The answer? Donate $50,000 to the fund that's paying for the January 20 inauguration ceremony at which Aretha Franklin will sing and Yo Yo Ma and Itzhak Perlman will make music.
Berry, Stone and Curtis are on on the contributors' list released this week, along with the director Ron Howard, actors Samuel L Jackson and Jamie Foxx. Other Hollywood heavyweights who have paid $50,000 - the maximum allowed - include Back to the Future director Robert Zemeckis and West Wing director Brad Whitford, while the financier and long-time Democratic fundraiser George Soros has made it a family affair, putting in $200,000 for himself and three family members.

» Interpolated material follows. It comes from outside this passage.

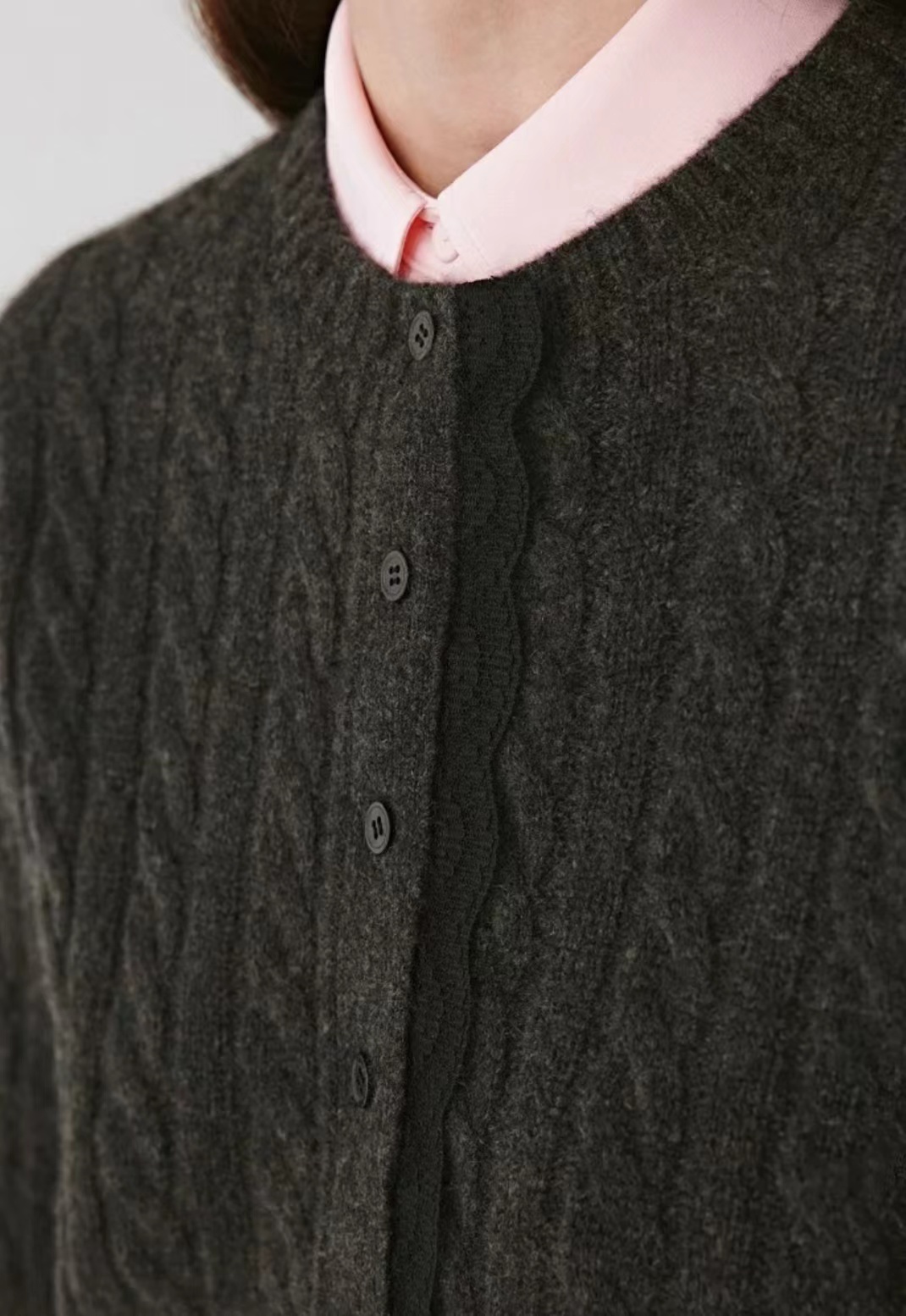 冬季新款精 致蕾丝花边拼接羊毛针织开衫外套2025秋冬新款!简约篙级蕾丝花边拼接,以蕾丝花边设计,搭配30%绵羊毛面料,敲保暖的!软糯亲肤细腻不扎身。衣襟处采用精 致的蕾丝花边作为饰边,打破了纯色针织外套的单调感,增添了一丝柔美与浪漫气息~大身绞花肌理设计,配合门禁蕾丝花边,增添精 致的细节层次。下摆和袖口罗纹拼接,有大身组织形成对比,并且收口设计,保暖效果更好!整体版型合身不紧绷,衣身线条干净,贴合身体曲线,单穿叠穿皆可轻松驾驭!以沉稳的黑灰色为主色调,低调且不失篙级感,这种颜色非常佰搭,能轻松与各种颜色的内搭和下装搭配,无论是白色T恤、黑色裙子还是深色裤子,都能营造出和谐的整体穿搭效果!让穿着者轻松展现简约与精 致并存的魅力,是衣橱中实用性与美观性兼具的B备单品~
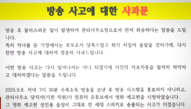 이어 "특히 자녀를 둔 가정에서는 부모로서 당혹스럽고 화가 치밀어 올랐을 것이기에 다시 한번 방송 사고에 대하여 정중히 사과드린다"며 "이런 방송 사고는 다시 일어나서는 아니 되겠기에 사건의 자초지종을 철저히 파악하고 대처하겠다는 말씀을 드린다"고 밝혔다.

As reported here yesterday, Eva Mendes said this week: “I thought I had some pull - I usually do, and I've been shut down. It's the hardest party to get into."
She needn’t have paid as much as $50,000: some contributors have paid only $25,000, and can still expect to be invited to the swearing-in ceremony. This group might be called the ex-wives club, for the contributors' list shows it includes Lionel Richie's ex-wife Brenda, James Farentino's ex-wife Debra, and Brian DePalma and James Cameron's ex-wife, Gale Hurd.
Mendes has a long-term boyfriend - Peruvian producer George Gargurevich - but is yet to be an ex-wife.